Al cabo de un momento, notó que no había parpadeado ni una sola vez en todo ese tiempo y tampoco tenía claro si el conductor lo había hecho. También se dio cuenta que no sentía el aire fresco a pesar de que las ventanas estaban abiertas, más bien parecía que estaba a esa extraña temperatura donde no se percibe a menos que sople el viento. Asimismo, el silencio era el más absoluto que recordaba, pero lo que más le sorprendió es que ni siquiera escuchaba su propia respiración.


Intentó moverse sin éxito, también probó con desviar la mirada y fracasó igualmente, tal como si se hubiera convertido en roca sólida o el aire en hielo que le impedía hacer el más mínimo movimiento. Se mantuvo ahí, en ese instante estático e interminable que se hacía más largo con cada segundo que pasaba ¿o habían pasado minutos? ¿horas? ¿años? Ya no tenía noción del tiempo y concluyó que tampoco del espacio, porque por más que intentaba recordarlo, no sabía dónde estaba más allá de estar dentro de un autobús.

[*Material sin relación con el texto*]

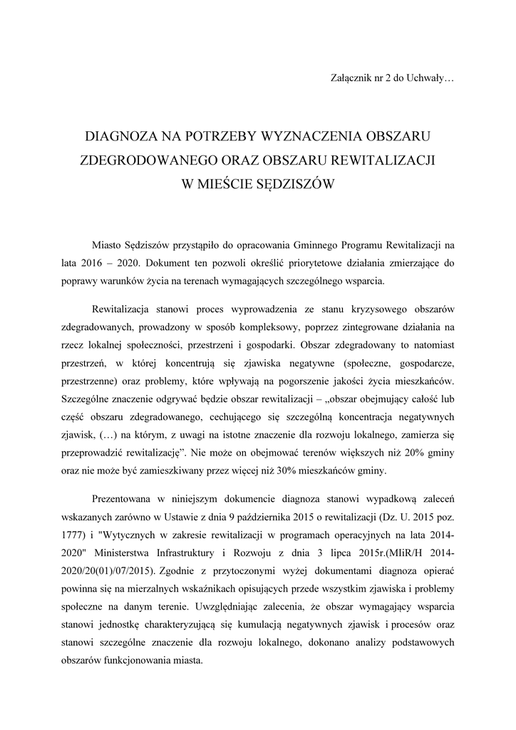 Załącznik nr 2 do Uchwały… DIAGNOZA NA POTRZEBY WYZNACZENIA OBSZARU ZDEGRODOWANEGO ORAZ OBSZARU REWITALIZACJI W MIEŚCIE SĘDZISZÓW Miasto Sędziszów przystąpiło do opracowania Gminnego Programu Rewitalizacji na lata 2016 – 2020. Dokument ten pozwoli określić priorytetowe działania zmierzające do poprawy warunków życia na terenach wymagających szczególnego wsparcia. Rewitalizacja stanowi proces wyprowadzenia ze stanu kryzysowego obszarów zdegradowanych, prowadzony w sposób kompleksowy, poprzez zintegrowane działania na rzecz lokalnej społeczności, przestrzeni i gospodarki. Obszar zdegradowany to natomiast przestrzeń, w której koncentrują się zjawiska negatywne (społeczne, gospodarcze, przestrzenne) oraz problemy, które wpływają na pogorszenie jakości życia mieszkańców. Szczególne znaczenie odgrywać będzie obszar rewitalizacji – „obszar obejmujący całość lub część obszaru zdegradowanego, cechującego się szczególną koncentracja negatywnych zjawisk, (…) na którym, z uwagi na istotne znaczenie dla rozwoju lokalnego, zamierza się przeprowadzić rewitalizację”. Nie może on obejmować terenów większych niż 20% gminy oraz nie może być zamieszkiwany przez więcej niż 30% mieszkańców gminy. Prezentowana w niniejszym dokumencie diagnoza stanowi wypadkową zaleceń wskazanych zarówno w Ustawie z dnia 9 października 2015 o rewitalizacji (Dz. U. 2015 poz. 1777) i "Wytycznych w zakresie rewitalizacji w programach operacyjnych na lata 20142020" Ministerstwa Infrastruktury i Rozwoju z dnia 3 lipca 2015r.(MIiR/H 20142020/20(01)/07/2015). Zgodnie z przytoczonymi wyżej dokumentami diagnoza opierać powinna się na mierzalnych wskaźnikach opisujących przede wszystkim zjawiska i problemy społeczne na danym terenie. Uwzględniając zalecenia, że obszar wymagający wsparcia stanowi jednostkę charakteryzującą się kumulacją negatywnych zjawisk i procesów oraz stanowi szczególne znaczenie dla rozwoju lokalnego, dokonano analizy podstawowych obszarów funkcjonowania miasta. METODOLOGIA Dla potrzeb Gminnego Programu Rewitalizacji przeprowadzono diagnozę stanu Miasta Sędziszowa. Dla potrzeb wyznaczenia obszaru zdegradowanego określono listę potencjalnych wskaźników zgodnych z zapisami Ustawy o rewitalizacji i Wytycznych Ministerstwa Infrastruktury i Rozwoju. Dla zobrazowania analizy dokonano podziału terenów zdegradowanych na sześć obszarów. Graficzny podział na obszary oraz dokładny wykaz działek stanowi załącznik nr 1 do diagnozy. Dla poszczególnych obszarów pozyskano materiały informacyjne dostępne w zasobach Urzędu Miasta Sędziszów, jak i specjalnie w tym celu wygenerowane przez instytucje zewnętrzne – Powiatowy Urząd Pracy, Miejski Ośrodek Pomocy Społecznej w Sędziszowie i Komenda Policji w Sędziszowie. Uzyskane porównywalnych dane przeanalizowano wskaźników pod odnoszących kątem wartość możliwości danej stworzenia zmiennej do listy jednostki obwodu. Weryfikacja wskaźników objęła następujące elementy: • poprawność metodologiczna - wskaźnik powinien opisywać w sposób czytelny i przejrzysty dany problem, powinien być łatwy w odbiorze przez czytelnika, łatwo weryfikowalny, powinien również różnicować przestrzeń miasta i być skonstruowany zgodnie z zasadami matematycznymi i statystycznymi. • poprawność przestrzenna - wskaźnik powinien zostać odniesiony do jednostki mniejszej niż Gmina, w tym przypadku do obszar. W wyniku tak przeprowadzonej procedury wskazano listę 11 wskaźników, które zastosowano dla wyznaczenia obszaru zdegradowanego i obszaru rewitalizowanego. Wskaźniki te obejmują sferę społeczną (bezrobocie, ubóstwo, przestępczość/patologie, poziom edukacji, uczestnictwo w życiu publicznym), sferę gospodarczą (stopień przedsiębiorczości) oraz sferę techniczno-środowiskową (brak rozwiązań technicznych w budownictwie mieszkaniowym w zakresie zapewnienia energooszczędności oraz ochrony środowiska). Dodatkowo w dniach 18 lutego - 21 marca 2016 roku przeprowadzono badania ankietowe wśród mieszkańców, podczas których zebrano 101 ankiet. Badanie miało na celu poznanie opinii na temat obszarów miasta wymagających podjęcia działań rewitalizacyjnych - zarówno wskazania konkretnego obszaru miasta oraz dokonanie oceny kluczowych problemów na jej terenie. Obszar zdegradowany zgodnie z treścią Ustawy oraz Wytycznych Ministerstwa to obszar, na którym zidentyfikowano stan kryzysowy, tj. stan spowodowany koncentracją negatywnych zjawisk społecznych. Dlatego też w kolejnym etapie diagnozy podjęto próbę określenia obszarów charakteryzują się kumulacją problemów. I. WSKAŻNIKI SPOŁECZNE 1.1 Bezrobocie Zgodnie z danymi Powiatowego Urzędu Pracy w gminie Sędziszów na koniec 2015 roku zarejestrowanych było 614 bezrobotnych, co stanowi 7,58% liczby mieszkańców w wieku produkcyjnym. Wskaźnik ten wskazuje na gorszą sytuację na rynku pracy w Gminie Sędziszów niż w całym powiecie. Pozyskując dane z Powiatowego Urzędu Pracy w Jędrzejowie udało się obliczyć poziom bezrobocia w poszczególnych obszarach w Sędziszowie. 4,5% 3,9% 4,0% 3,6% 3,5% 3,1% 3,0% 2,5% 1,9% 2,0% Procentowy udział bezrobotnych 1,5% 1,0% 0,5% 0,5% 0,0% Obszar I Obszar II Obszar III Obszar IV Obszar V + VI Wykres. 1. Procentowy udział bezrobotnych w stosunku do czynnych zawodowo zarejestrowanych w Powiatowym Urzędzie Pracy na dzień 16.01.2016r. w Gminie Sędziszów. Przestrzenne zróżnicowanie bezrobocia w Sędziszowie jest znaczne. Rozkład wartości wskaźnika w analizowanych obszarach mieścił się w zakresie od 0,5% do 3,9% 1.1 Ubóstwo Analiza problemu społecznego jakim jest ubóstwo została wykonana w oparciu o dwa wskaźniki: liczbę rodzin objętych wsparciem Ośrodka Pomocy Społecznej w Sędziszowie oraz liczby skierowań do zawarcia umowy najmu lokalu mieszkaniowego z socjalnego zasobu miasta. Zgodnie z danymi OPS w Sędziszowie

Se esforzó por hacer memoria y no lograba establecer cómo había llegado ahí, donde fuera que fuese ese ahí, mas era inútil. No tenía ni idea. Sin poder apartar la vista del espejo, seguía escarbando en sus recuerdos para ver que éstos se iban desvaneciendo tan pronto como los evocaba, asemejándose a un libro al que le estaban arrancando las páginas empezando por el final. Entre más atrás se remontaba, más olvidaba.


Le parecía asombroso no estar sintiendo pánico. Es más, no estaba sintiendo nada, tanto así que ni siquiera sentía su propio ser y se percató que tampoco percibía el marco permanente que formaba la orilla de sus lentes. Ni su nariz, ni sus piernas, ni sus manos que hasta hacía una fugaz eternidad había dejado descansando sobre su regazo. Por el rabillo del ojo intentó ver su figura reflejada en la ventana y al no encontrarla, terminó de esfumarse por completo.